Rogers, who came to know Owens through his own international track competitions, said Owens took all of the controversy surrounding his race in stride.

"He had an attitude that it wasn't going to affect him," Rogers said. "His attitude was you became stronger by doing these things. I never saw him where he thought he was better than somebody else.

"He was a very humble person. The only person I can compare him to in that way is Archie Griffin. They seem just like another human being. You would never know they had accomplished so much. Other people let you know who they are," he said.

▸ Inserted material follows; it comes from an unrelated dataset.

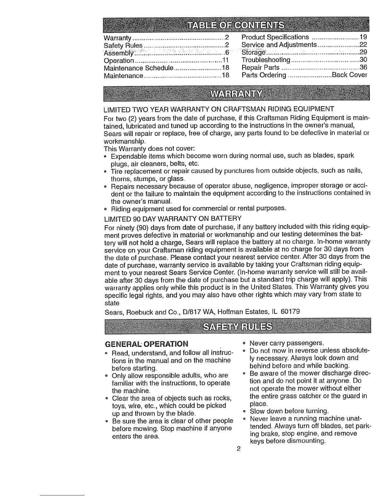 date of purchase, warranty service is available by taking your Craftsman riding equip-

After his Olympic win, Owens raced in exhibitions across Europe. He returned to the U.S. and was feted with a ticker-tape parade in New York City. Although he was never invited to the White House by President Franklin Roosevelt, Owens was clearly a standardbearer for blacks in the fight for equality.

"I grew up in New York and New Jersey," Rogers said. "When I was 8 or 9 years old, I can remember going to see Jackie Robinson play for the Brooklyn Dodgers. He was like a god to us and we looked up to him.

"I didn't become acquainted with Jesse Owens until later on, but people like him and Jackie Robinson paved the way for people like Martin Luther King," he said.

Owens' lukewarm response in his home country was hard to accept. Instead of going on to movies or professional sports like other famous Olympians, Owens originally was used as a barnstorming sideshow. He raced horses and toured with the Harlem Globetrotters, running exhibition races at halftime.

"Sure, it bothered me," Owens later said. "But you have to understand there was a vast difference between my time and today's time."

Owens went on to become a successful businessman, running a public relations firm out of Chicago. He also served as a spokesman for the American Olympic movement. He and his wife, Ruth, who he married during his time at OSU, later lived in Phoenix before his death. In 1973, a poll of sportswriters called his Olympic triumph "the most significant sports story of the century."

His life seemingly came full circle in August 1976 when, 40 years after his Olympic triumph, President Gerald Ford presented him with the Presidential Medal of Freedom.

In recent years, Owens' name has resurfaced as other athletes racked up impressive Olympic medal totals. In 1972, swimmer Mark Spitz won seven golds in Munich. Four years later, comparisons were made with speed skater Eric Heiden's five golds at the Lake Placid, N.Y., games.

It was close to 40 years before the last of Owens' world records had been removed from the record books.

"I was proud to be involved in that history-making process, but I respect the kids coming along today," Owens said in 1975 after his last world mark was bested.

Within Ohio State, Owens' name lives on. The university named its three satellite recreation centers after Owens and constructed a plaza just north of Ohio Stadium to honor him. When the track was removed from Ohio Stadium in 2000, the school built the Jesse Owens Memorial Stadium. It is used for soccer games and track meets today.

Owens received an honorary degree from OSU and was later inducted into the school's Athletic Hall of Fame. In 1986, the school hosted it first Jesse Owens Track Classic.

Also, the Jesse Owens Museum has been erected in his original hometown of Oakville, Ala.

In speeches and appearances, Woody Hayes glorified Owens, saying he was one of "Ohio State's Big Four -- Jesse, Arch (Griffin), Jack (Nicklaus), and John (Havlicek)."

Hayes added, "I suppose you'd have to say he was the greatest."